*Your task*
Some entries follow. Reproduce exactly the lines starting at the one with "2、草鱼去鳞,去内脏,洗净后" and stopping after the one with "А началось все".

*Source data*
--- START ---
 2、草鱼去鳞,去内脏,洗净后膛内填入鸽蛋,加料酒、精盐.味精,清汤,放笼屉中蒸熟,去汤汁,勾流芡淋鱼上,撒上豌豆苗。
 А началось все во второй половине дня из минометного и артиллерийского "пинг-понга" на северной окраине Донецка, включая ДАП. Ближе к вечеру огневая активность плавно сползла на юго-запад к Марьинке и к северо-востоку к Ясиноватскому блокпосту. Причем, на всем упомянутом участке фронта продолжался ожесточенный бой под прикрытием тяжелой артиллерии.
--- END ---
--- START ---
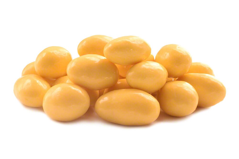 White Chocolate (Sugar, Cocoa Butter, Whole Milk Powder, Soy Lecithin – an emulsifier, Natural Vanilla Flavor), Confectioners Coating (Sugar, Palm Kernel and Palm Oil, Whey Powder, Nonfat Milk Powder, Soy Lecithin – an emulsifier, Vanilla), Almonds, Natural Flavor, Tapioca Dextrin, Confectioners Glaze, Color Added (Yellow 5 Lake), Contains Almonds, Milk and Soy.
--- END ---
*Exercise answer*
 2、草鱼去鳞,去内脏,洗净后膛内填入鸽蛋,加料酒、精盐.味精,清汤,放笼屉中蒸熟,去汤汁,勾流芡淋鱼上,撒上豌豆苗。
 А началось все во второй половине дня из минометного и артиллерийского "пинг-понга" на северной окраине Донецка, включая ДАП. Ближе к вечеру огневая активность плавно сползла на юго-запад к Марьинке и к северо-востоку к Ясиноватскому блокпосту. Причем, на всем упомянутом участке фронта продолжался ожесточенный бой под прикрытием тяжелой артиллерии.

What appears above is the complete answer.